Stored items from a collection
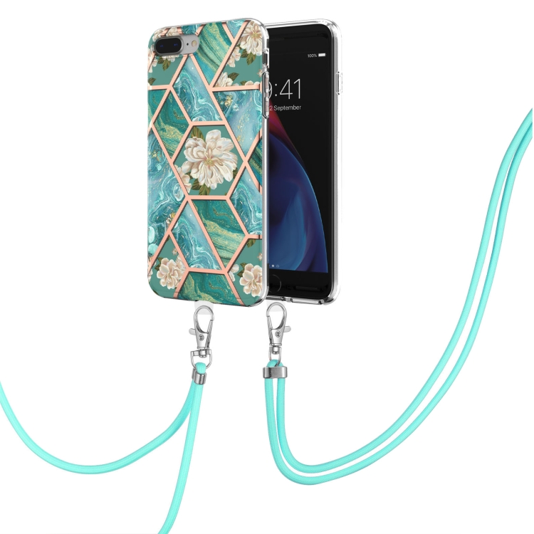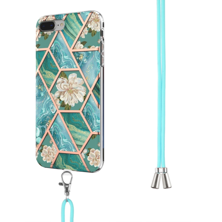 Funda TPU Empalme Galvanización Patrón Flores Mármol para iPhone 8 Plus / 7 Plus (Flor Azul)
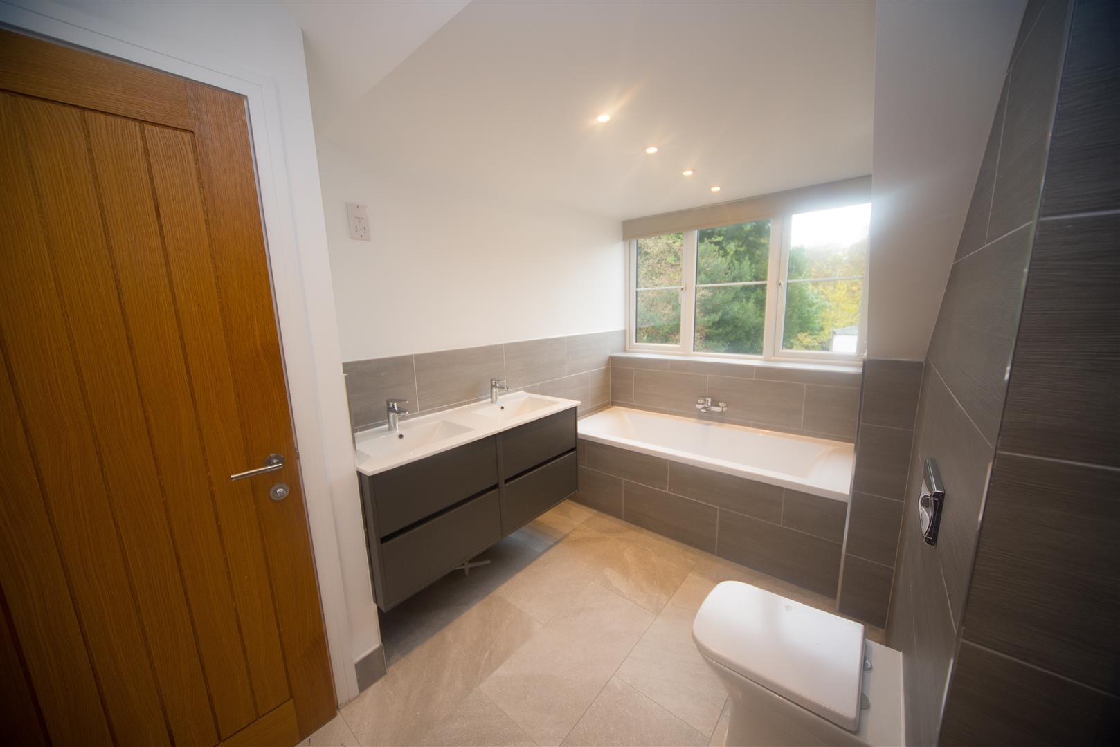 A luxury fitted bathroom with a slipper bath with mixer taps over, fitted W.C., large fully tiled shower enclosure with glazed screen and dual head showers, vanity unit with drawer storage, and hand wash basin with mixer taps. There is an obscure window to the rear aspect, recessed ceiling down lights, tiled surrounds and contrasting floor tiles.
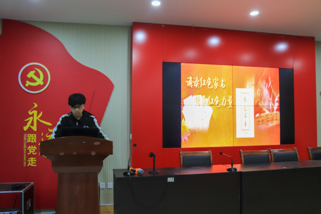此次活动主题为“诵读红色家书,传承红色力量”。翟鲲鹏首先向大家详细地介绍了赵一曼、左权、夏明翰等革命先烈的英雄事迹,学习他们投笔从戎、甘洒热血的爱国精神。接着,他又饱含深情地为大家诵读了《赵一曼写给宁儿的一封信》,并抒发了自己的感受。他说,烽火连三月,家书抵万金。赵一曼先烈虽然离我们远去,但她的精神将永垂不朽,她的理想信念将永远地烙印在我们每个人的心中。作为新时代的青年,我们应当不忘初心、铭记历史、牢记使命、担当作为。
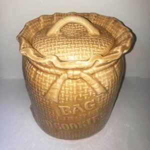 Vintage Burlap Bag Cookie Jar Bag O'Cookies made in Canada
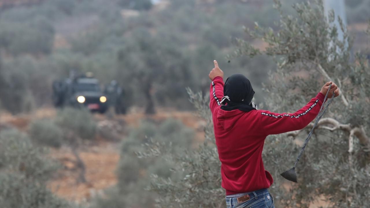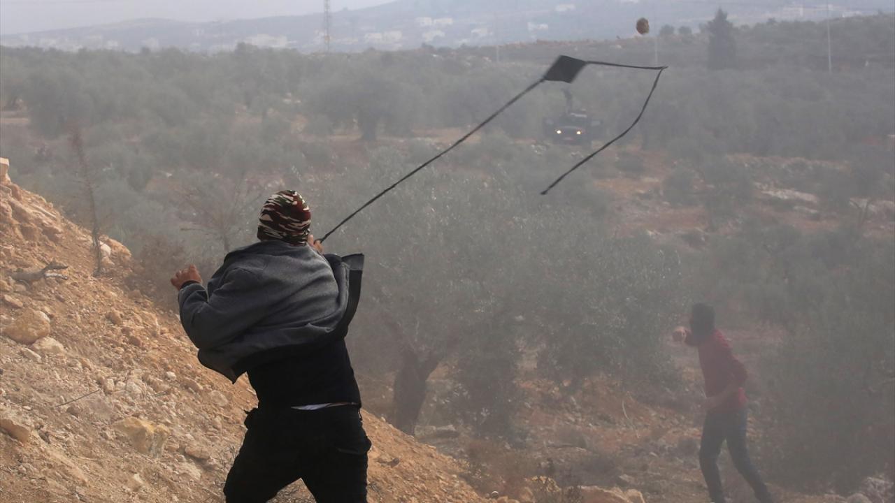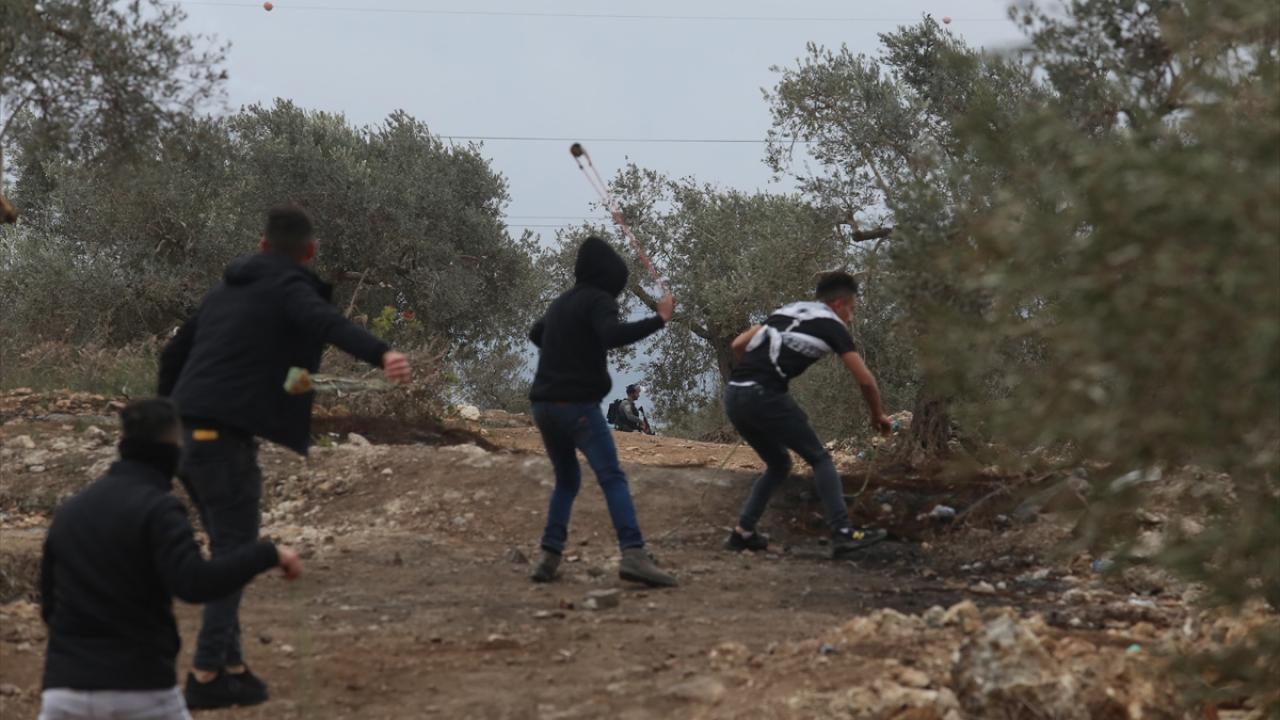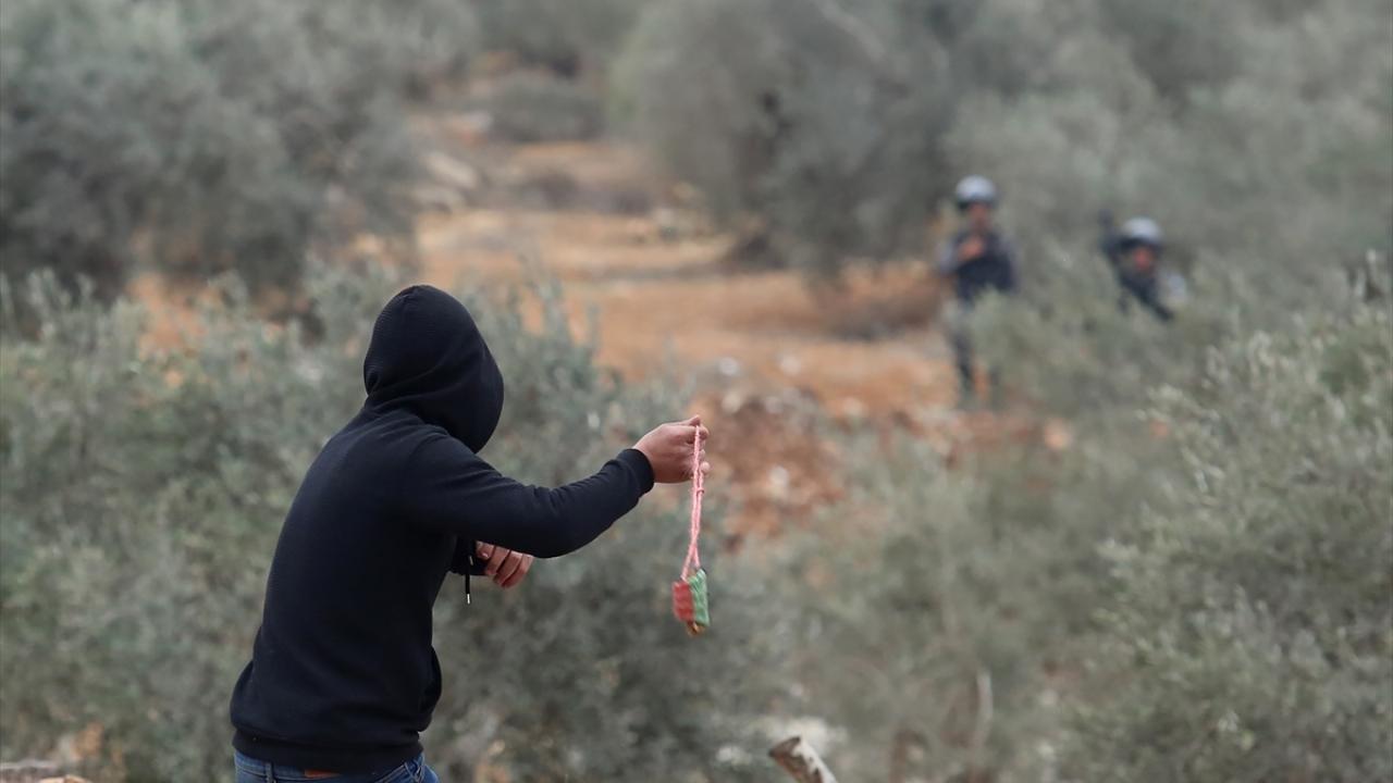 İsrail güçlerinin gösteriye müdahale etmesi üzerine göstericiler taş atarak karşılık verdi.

§ **TASK DIRECTIONS**:
Write out each record exactly as shown, but not its pictures.

§ **SOLUTION**:
 Funda TPU Empalme Galvanización Patrón Flores Mármol para iPhone 8 Plus / 7 Plus (Flor Azul)
 A luxury fitted bathroom with a slipper bath with mixer taps over, fitted W.C., large fully tiled shower enclosure with glazed screen and dual head showers, vanity unit with drawer storage, and hand wash basin with mixer taps. There is an obscure window to the rear aspect, recessed ceiling down lights, tiled surrounds and contrasting floor tiles.
此次活动主题为“诵读红色家书,传承红色力量”。翟鲲鹏首先向大家详细地介绍了赵一曼、左权、夏明翰等革命先烈的英雄事迹,学习他们投笔从戎、甘洒热血的爱国精神。接着,他又饱含深情地为大家诵读了《赵一曼写给宁儿的一封信》,并抒发了自己的感受。他说,烽火连三月,家书抵万金。赵一曼先烈虽然离我们远去,但她的精神将永垂不朽,她的理想信念将永远地烙印在我们每个人的心中。作为新时代的青年,我们应当不忘初心、铭记历史、牢记使命、担当作为。
 Vintage Burlap Bag Cookie Jar Bag O'Cookies made in Canada
 İsrail güçlerinin gösteriye müdahale etmesi üzerine göstericiler taş atarak karşılık verdi.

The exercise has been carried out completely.